I should say that I personally did not witness any attempt at overt voter fraud, nor was any such thing reported to me by my co-pollwatchers. But if you spent any time in the ward that day, it was clear that protecting the public from a faulty electoral process was not high on the priorities of the Board of Elections.

Granted, this was not the kind of election that produces funny business at the polls: there weren't patronage jobs at stake -- as evidenced by the lackluster Machine effort -- like there are in aldermanic and mayoral contests. But problems at the polls went beyond malicious intent to simple competence in the basic procedures, enough so that the system could easily have been manipulated for nefarious purposes.

In the 5th precinct, the team of six election judges were so confused and incompetent at their task that I witnessed five violations of the rules (judges are not allowed to handle ballots once issued to the voter, judges may not accompany the voter into the voting area (unless joined by a judge of the opposing party - which they were not), judges may not feed the ballots into the ballot counter - only the voter can do that, etc.) in the first two minutes I was in the polling place. As a credentialled pollwatcher, I was entitled to point out mistakes and raise objections, which I did, but egos and tempers soon got in the way, and I placed a call to the Board of Elections hotline.

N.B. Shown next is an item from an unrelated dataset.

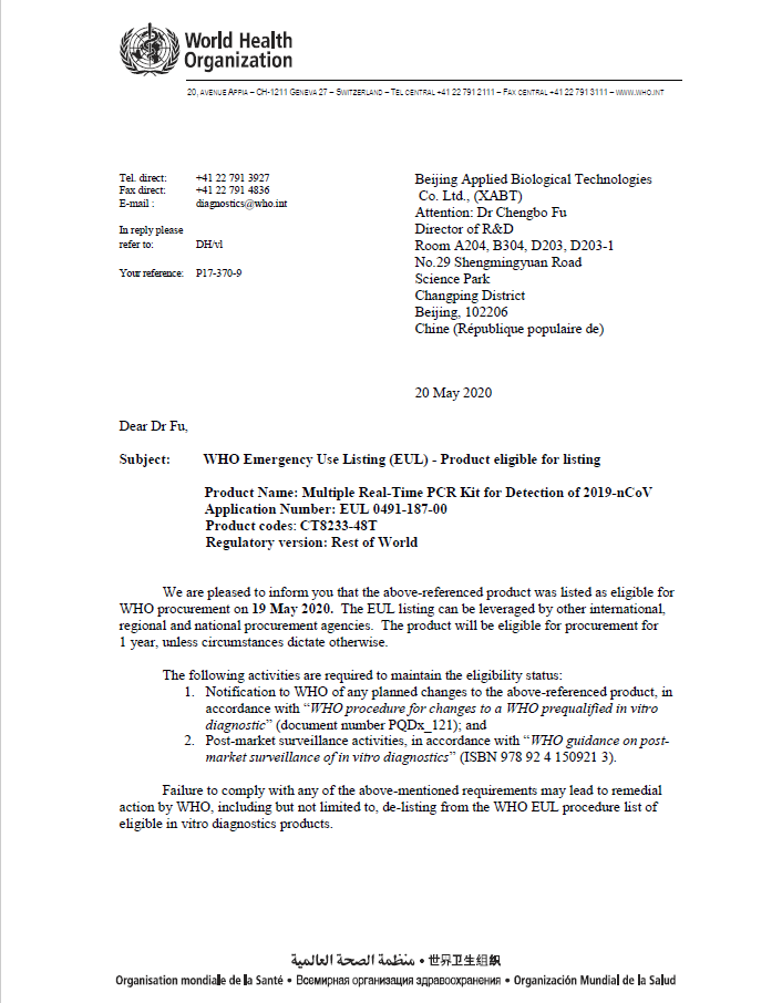北京卓誠(chéng)惠生生物科技股份有限公司新型冠狀病毒2019-nCoV核酸檢測(cè)試劑盒(熒光PCR法)于2020年5月19日正式被列入為世界衛(wèi)生組織(英文全稱(chēng)“World Health Organization”,以下簡(jiǎn)稱(chēng)“WHO”)應(yīng)急使用清單(英文全稱(chēng)“Emergency Use Listing”,以下簡(jiǎn)稱(chēng)“EUL”)??晒┢渌麌?guó)家和地區(qū)采購(gòu)。有效期限:如無(wú)特殊情況,該產(chǎn)品的采購(gòu)期限為1年。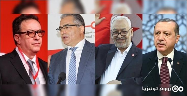 ثم يستقبل الرئيس أردوغان في مقر إقامته بضاحية قمرت رؤساء ثلاثة أحزاب من حيث حجم تمثيلهم في البرلمان، إذ يلتقي على التوالي راشد الغنوشي رئيس حركة النهضة (68 نائبا من اجمالي217)، وحافظ قايد السبسي المدير التنفيذي لحركة نداء تونس (56 نائبا)، ومحسن مرزوق، أمين عام حزب مشروع تونس (21 نائبا).

Two inspectors were dispatched rather promptly, but it was clear that in the absence of overt, malicious fraud, they were pretty much not interested. "These folks aren't really the best and brightest" I was told, and it was true: the judges in the 5th precinct were mostly either homeless or poor, in any case had little education and had attended the minimum amount of judges' training. I don't mean to come off as a scold or prejudicing these people who were working hard from early in the morning for 13, 14 hours, but as the last line of defense in our most immediate democratic process, they weren't exactly instilling a lot of confidence. Luckily, I had access to an attorney that day who was doing pollwatching pro bono on behalf of the Obama campaign; he was able to come to the polling place and bring a little order for the last few hours until polls closed. I asked him towards the end, was it really as bad as I thought it was? Maybe I was just being overeager and not cutting these people enough slack. His eyes widened and that said it all.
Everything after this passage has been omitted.